§ Exercise description:
Print the lines from the one containing "This sampler has" through the end of the material below, both included, exactly as they appear and without pictures.

§ Exercise material:
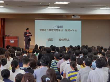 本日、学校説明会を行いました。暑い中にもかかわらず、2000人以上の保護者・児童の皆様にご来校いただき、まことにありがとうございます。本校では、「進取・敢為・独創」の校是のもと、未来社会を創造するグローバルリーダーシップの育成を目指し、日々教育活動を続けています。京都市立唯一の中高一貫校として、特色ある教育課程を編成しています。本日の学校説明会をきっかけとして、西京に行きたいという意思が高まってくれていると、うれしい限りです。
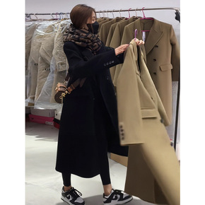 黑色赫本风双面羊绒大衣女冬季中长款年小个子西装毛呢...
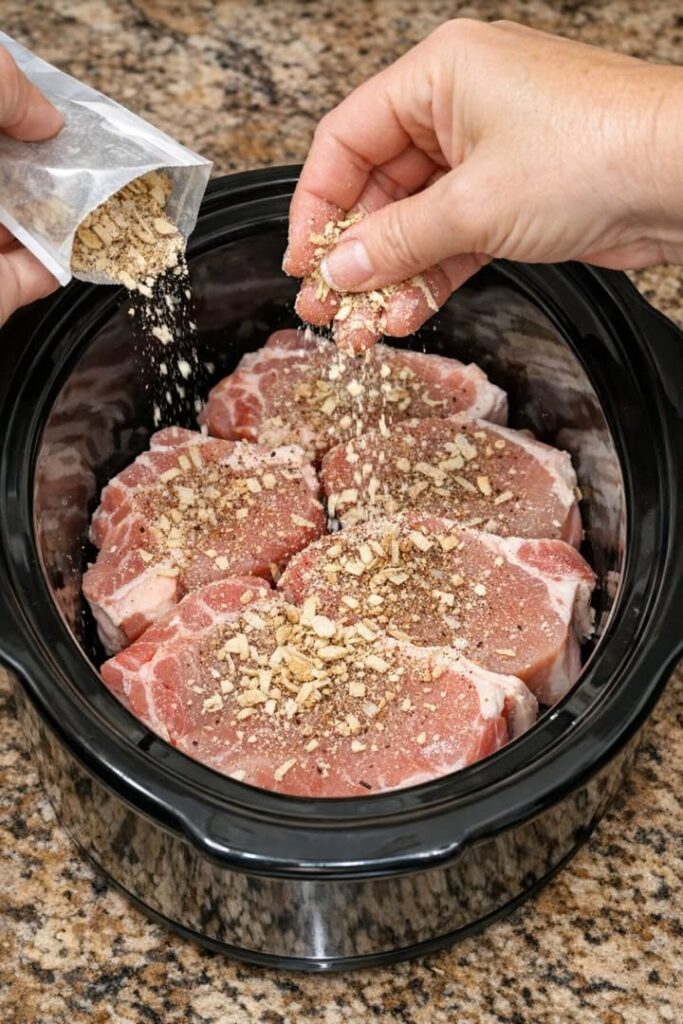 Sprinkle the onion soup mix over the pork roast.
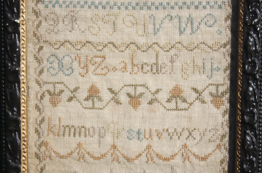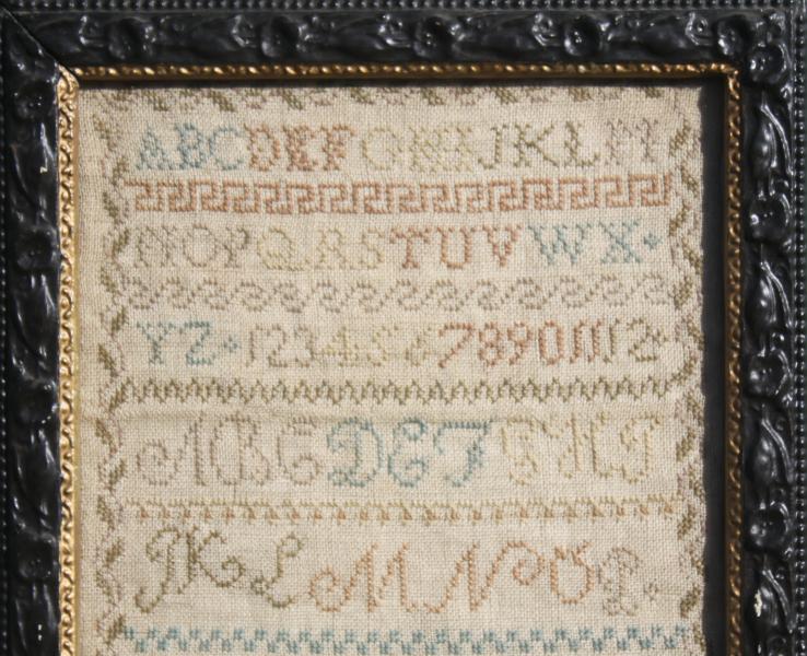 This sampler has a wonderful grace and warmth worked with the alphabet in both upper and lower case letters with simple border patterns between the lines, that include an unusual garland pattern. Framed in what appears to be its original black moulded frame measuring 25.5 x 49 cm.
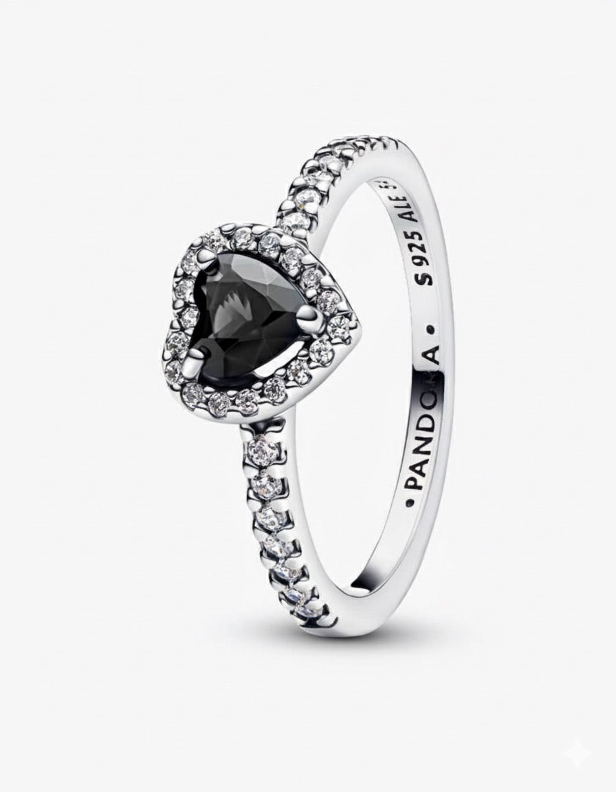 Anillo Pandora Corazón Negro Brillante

§ Output:
 This sampler has a wonderful grace and warmth worked with the alphabet in both upper and lower case letters with simple border patterns between the lines, that include an unusual garland pattern. Framed in what appears to be its original black moulded frame measuring 25.5 x 49 cm.
 Anillo Pandora Corazón Negro Brillante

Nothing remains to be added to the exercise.